From these data it is evident that the toxicity of a substance may vary considerably in different forms of life. It has been shown also by some investigations cited by Salant⁷⁸ that the action of drugs may be modified by different conditions in the environment as well as in the subject of the experiment. The recognition of the importance of these factors in determining pharmacological action has contributed much to the elucidation of the mechanism by which drugs and other substances produce physiological effects in the body. Moreover, such knowledge has often enhanced the therapeutic value of pharmaco-dynamic agents and has frequently served to avert effects of an undesirable character in man and domestic animals. The results obtained in one species of animals under a particular condition do not admit, therefore, of universal application. Furthermore, the nature of the action of a drug can only be partly learned from the manifestation of its acute effects. Equally important, therefore, especially in studies on toxicity, are the changes produced in chronic intoxication.

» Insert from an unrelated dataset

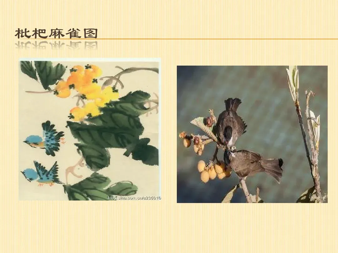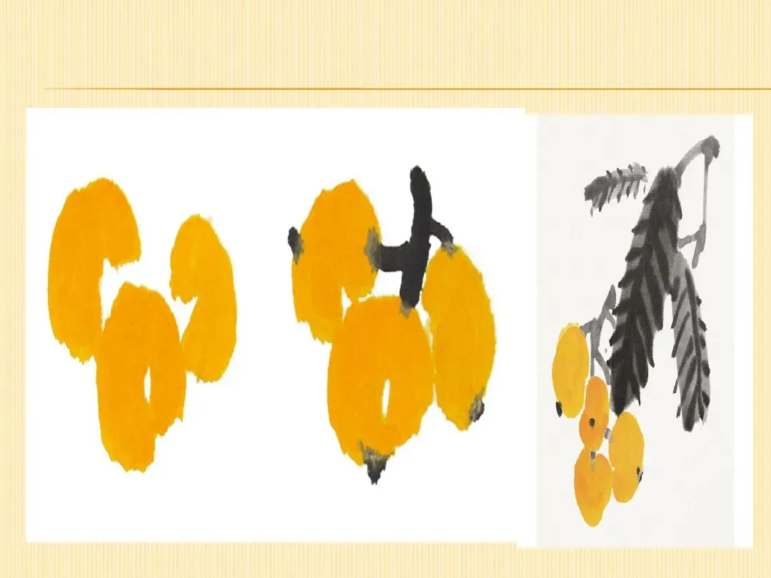 1.了解中国写意画的艺术特色,并学习中国写意画的笔法、墨法。及“随类赋彩”的基本着色方法。2.通过欣赏写意蔬果,学习写意蔬果的表现手法,感受中国画的墨、色变化韵味。国画教学最关键的就是训练学生对水、墨、笔的控制能力,是属于技能性比较突出的学科教学。五年级的学生对国画中的水墨工具已经具有了一定的接触,对水墨画的技能有过基础的训练。在平时的教学中,利用水墨画进行创作的课时比较少,学生不能熟练正确使用绘画工具,还有待进一步的加强训练。尤其是在笔墨水的调和比例上经常出现状况,比如水分太多就直接画在宣纸上,造成跑墨现象。或者使用颜色的时候,经常多种颜色调和在一起,最后颜色越调和越脏,最后就开始不耐烦地乱画了。针对这样的问题,我将采取演示—尝试—再演示的方法。相信,通过这节课教学的反复训练,学生能感受到水墨画带来的乐趣。通过学习写意蔬果,掌握写意蔬果的笔、墨、色的运用手法。同学们,通过在上节课的课程学习中,我们了解了中国画的基本知识和技法,你还记得哪些知识?谁来说说。“从视频中,我们重温了中国写意画的用笔、用墨及破墨技法。”“今天,我们就要学习运用这些表现方法来画‘写意蔬果’——枇杷果。” “现在让我们来看这幅《枇杷麻雀图》,它是现代画家来楚生的作品,来楚生是诗、书、画、印四绝的著名艺术家。也就是说他在诗词、书法、绘画和篆刻在这四个方面造诣都很深。一幅完整的中国画作品通常由这四部分组成。“让我们一起来欣赏,谁来说说,画面中的布局有什么特点?”“作品采用斜线式构图。画面左密右疏,密的部分通常做到密不透风,而疏的部分甚至采用留白的形式,让人有无尽的空间想象。“观察的真仔细,侧锋画叶片,浓墨勾叶脉,用水调藤黄加赭石没骨画枇杷。讲究浓淡深浅变化。这是一幅小品,作者最后只落了名章,没有落款。”“欣赏了大师作品,请大家看看,老师是怎样用没骨的形式和简练的笔法来画蔬果的。运用这种笔法,我们还可以通过改变色彩,画出樱桃、葡萄等圆的水果。【教师示范】刚刚老师画了几种不同的蔬果,现在请大家选择一种你最喜欢的,试着自己动手画一画。”“刚才大家都试着画了蔬果,谁来说说,你在画的过程中有什么感受?有遇到什么问题吗?”师小结:(1)调色时水分的控制要恰到好处,画面中要有水墨的韵味(2)用笔要依形变化,落笔成形,在行笔过程中,讲究提按、转折、徐疾等表现形态。 “现在老师就运用这些知识来画写意枇杷。请同学们帮老师想一想,我首先应该怎么做呢?”看,老师给大家带来了枇杷,请同学们仔细观察,它长什么样?有什么特点?“同学们观察的真细致,一下子就抓住了枇杷的造型,枇杷为橙黄色,近似圆形或椭圆形,顶部有蒂连着枝干,尾部有形似肚脐状的点,又叫鄂齿,叶子大而长,呈长椭圆形。认识了结构特征,我们就来画一画它。”“看了这么多作品,大家想不想自己动手试一试呢?这节课我们就来临摹一幅写意蔬果作品。”(教师巡回指导)2.生优秀作品上台展示,并请作者从画面布局、笔法及墨色的运用说明作品。同学们,你们知道为什么大师们喜欢画蔬果呢?那是因为它们都寄托了美好的寓意,如:白菜——清清白白做人,南瓜——多子多福,桃子——象征长寿;除了蔬果,我们还可以运用写意来画山水、人物和可爱的动物等题材,希望同学们在今后的学习中,能善于发现生活中的美,并把它们表现在我们的画面中。大家好,今天我说课的内容是人教版小学五年级美术下册第9课《写意蔬果》,根据新课程标准的说课要求,我将从教材分析、教学目标、学情分析、教学重难点、教法和学法、教具学具准备、教学过程、七个方面进行说课。 《写意蔬果》是人教版小学五年级美术下册第9课,属于造型·表现领域。 本课的要求是引导学生欣赏中国画中写意蔬果的表现特点,初步了解写意蔬果画几种常见的表现方法,激发学生对中国传统民族文化的热爱。通过欣赏中国画的各种皴法,指导学生在表现过程中运用相关技法及笔墨要求,表现简单的蔬果画,并根据自己的想象表现自己喜欢的各种蔬果。1.了解写意蔬果的一些基本知识,学习描绘果、叶、茎的初步技能。 2.体验写意蔬果的临摹方法、步骤,掌握用笔、用墨、用色的初步技能。3.培养热爱大自然美好事物的情景,在观察、表现事物时形成一丝不苟、胆大心细的态度和作风。 五年级学生属于小学高年级阶段,认知能力和动手能力相对较强,对的国画课有所体验。为本节课的学习奠定了良好的基础。本节课的设置符合学生的年龄特点、认知水平和学习规律。 依据美术学科的特点和学生的认知水平,我确定本课的教学 难点是:造型的准确、下笔的肯定,中国画点线的技法以及构图。 “教无定法、学无定法”,依据新课程标准 “以学生为主体”和“充分发挥学生个性” 的理念,我将运用直观教学法、示范教学法、启发教学法。使学习内容变得鲜活充实,易于掌握,使学习过程变得生动有趣,富有人文气息, 在学法指导上采用欣赏法、观察法、自主学习法、小组合作学习法。充分调动学生的“眼、手、脑、肢体”等多种感官参与学习,既提高了学生的学习兴趣,也培养了学生的动手能力,使他们充分享受到成功的乐趣。 为了使学生更好的体验写意蔬果中国画的意

That the acute effects of a substance can hardly be considered a correct estimate of its toxicity is shown by the evidence obtained in experiments on tolerance and cumulative action of drugs; for the toxicity of a substance may diminish when the substance is given steadily for a long time if the body acquires tolerance for it. Arsenic, morphin, and cannabis indica may be cited as illustrations of drugs, the toxicity of which decreases with repeated doses, while digitalis and lead show a tendency to increased toxicity when similarly administered. Moreover the acute and chronic effects are sometimes qualitatively different. According to Igersheimer⁴¹ the symptoms in acute atoxyl intoxication are nausea, vomiting, and diarrhea. These symptoms are absent in chronic intoxication, in which trophic disturbances of the skin and inflammation of the mucous membranes were the effects produced. That the acute action of atoxyl differs from the chronic effects was likewise shown by experiments on animals. The studies of von Anrep⁵ on chronic atropin intoxication are of interest in this connection, as he found that after 10 to 15 injections of atropin there is no manifestation of symptoms such as is observed in acute intoxication, while the effects on the circulation are also less marked, the acceleration of the pulse being less than after the same dose in a normal subject not accustomed to its use. When the administration of atropin is continued for a longer time its usual effects on the pulse disappear altogether; there is, on the contrary a decreased frequency of the pulse. If atropin has been administered for from two to three weeks, respiration is likewise affected.